For better or worse, Mr. Lepage's production is known as the "Machine" Ring. The nickname comes from the enormous high-tech stage set upon which most of the action takes place. There are two enormous elevator towers offstage. Between them on a horizontal axis hang twenty-four computer-controlled reversible gray planks, which can be positioned and repositioned to recreate anything from the craggy mountain-tops near Valhalla to an enormous twisting stairway leading "down" to the bowels of the world. The 2010 premiere of Rheingold ended in a technical glitch, and this whole production has seemed jinxed ever since.

What hasn’t changed though is the aesthetic for this production. The costuming and minimal props draw on the fanciful comic-book Asgard of Jack Kirby, with Wotan in a fake-muscles breastplate and Donner carrying a hammer that looks as if he's planning on a round of croquet once he gets to Valhalla. The minimal sets are adorned with a series of projected digital images that interact with the foot positions of the singers. (After a while, these look like high-tech screen savers.) The rolling pebbles on the bed of the Rhine River and the eddying clouds around Valhalla are pretty cool at first, but the repetition eventually wears out its welcome.

Any Wagnerian would tell you that it’s not the stage set, costumes or prohections that makes or breaks a Ring, but the voices.

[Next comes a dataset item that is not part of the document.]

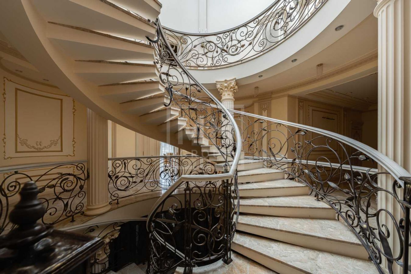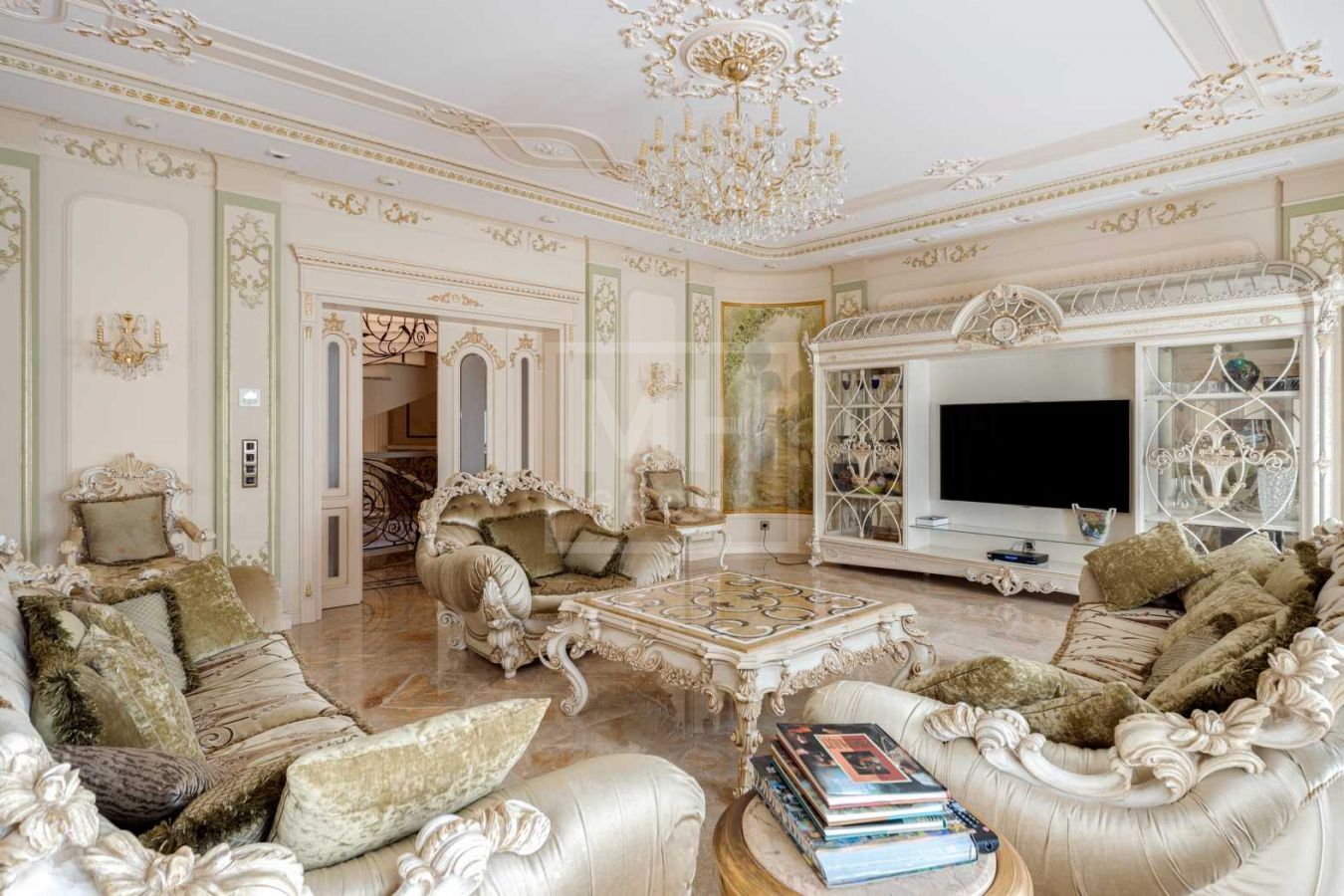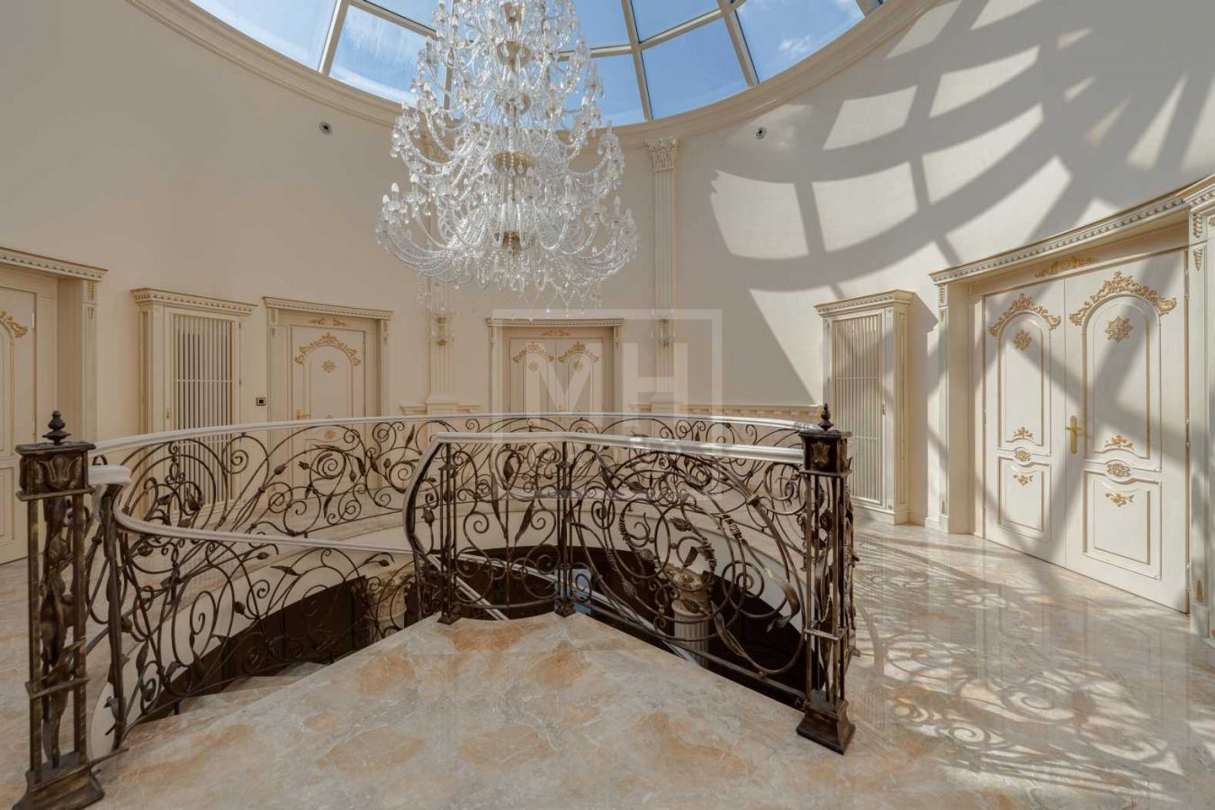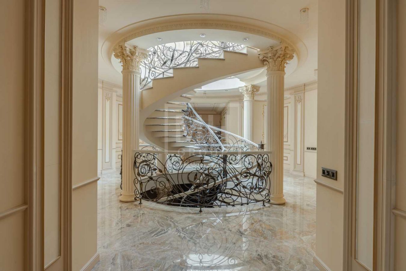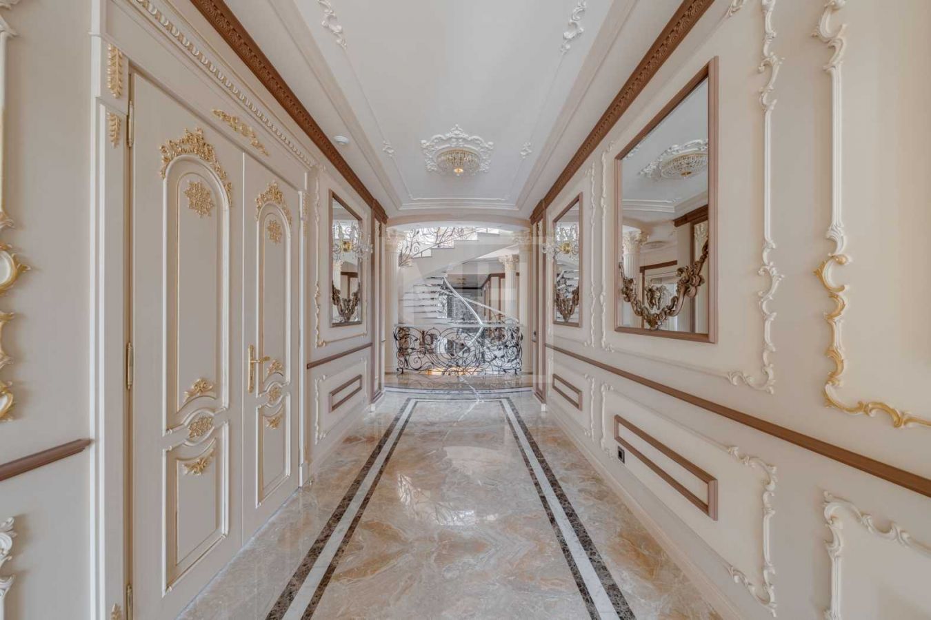 Дом с отделкой и мебелью в классическом стиле площадью 1 500 м2 на участке 53 сотки.В отделке много натуральных материалов: мрамор различных видов, натуральная мозаика, ковка, дерево. Фасад выполнен из облицовочного кирпича.
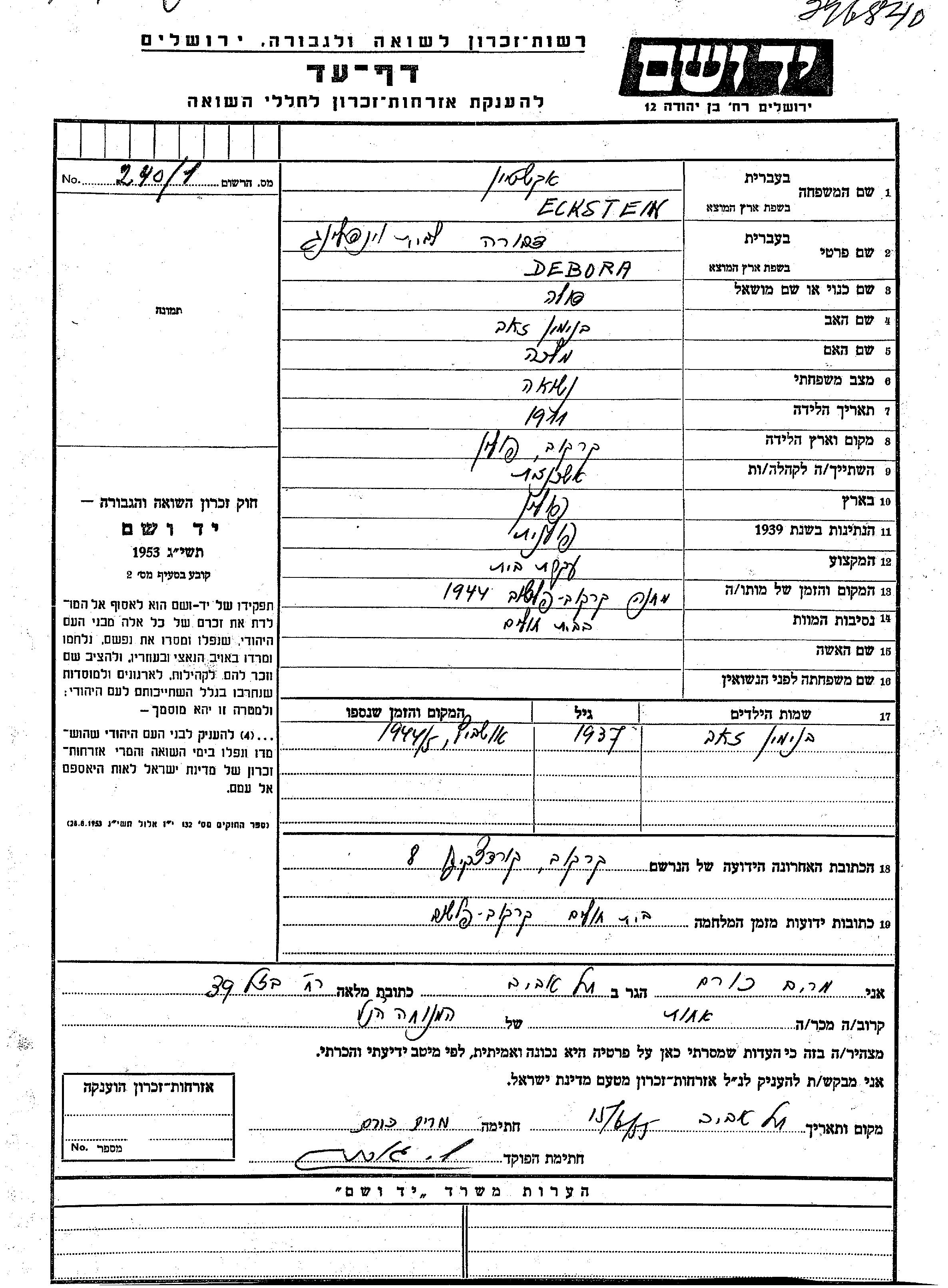 Debora Eckstein, geb. Veindling wurde im Jahr 1911 in Krakow, Polen geboren. Sie war die Tochter von Beniamin Zeev und Malka. Sie war Hausfrau. Vor dem Zweiten Weltkrieg lebte sie in Krakow, Polen. Während des Krieges war sie in Krakow, Polen.

Thus cast, featuring two Met debuts, had a fresh and youthful thrust. The best of the new blood was Tomasz Konieczny’s Alberich. His fierce presence and full-sized baritone made a towering, sympathetic figure out of the villain of the piece: a misshapen dwarf whose bad luck with three swimming Rhinemaidens touches off the opera’s series of unfortunate events. The other notable debut was Norbert Ernst’s fey, sarcastic portrait of Loge, the opera’s biggest tenor part. Sly and smirking, this pointed character tenor made the fire god a dangerous figure, more in keeping with the Norse concept of Loki as a trickster god.

Greer Grimsley was Wotan. His pliant, dry-toned baritone was imbued with plenty of macho swagger. However, he sounded badly outgunned in his scenes with Mr. Konieczny. He was well matched with Jamie Barton’s sensitive, feminist Fricka. Ms. Barton sang with a bottomless reservoir of tone. She balanced tenderness and the frustration of being Wotan’s wife, who probably wishes her husband had never gone into politics. In the minor parts of Donner and Froh, Adam Diegel and Michael Todd Simpson showed voices that may be headed for bigger and better roles.

Gunther Gröissbock and Dmitri Belosselskiy were a sonorous, impressive pair as Fasolt and Fafner (respectively) though Mr. Lepage's choice to isolate the two giants high above the stage floor remains inexplicable. It removes any sense of menace from these hulking brutes and thus makes the second scene of the opera into dull oratorio. As Freia, Wendy Bryn Harmer had some lovely music to sing but very little to do, other than look scared of the giants and be suspended from a hammock hanging off the Machine. The minor role of Erda (she becomes the mother of Brunnhilde in the next opera) was sung by Karen Cargill, with round and menacing tones.  The three high-flying Rhinemaidens were led by Tamara Mumford’s Flosshilde, though each singer looked like they were still getting used to “ swimming” high above the safety of the Met stage.

Conductor Philippe Jordan led a brisk performance of the score, drawing clear, beautiful textures (a la Pierre Boulez) in the opening Prelude. You could actually hear the woodwind lines that are initially only apparent to one who has studied the score, and the relentless rhythm that becomes the Nibelung motif later in the opera. The Met orchestra played magnificently, with firm, resonant brass, detailed winds and an assaultive Entry of the Gods into Valhalla. If there is any objection at this performance it was to the squeaky shoes worn by Mr. Konieczny’s Alberich. However, in the high-risk world of the Robert Lepage Ring, somebody has to be putting safety first.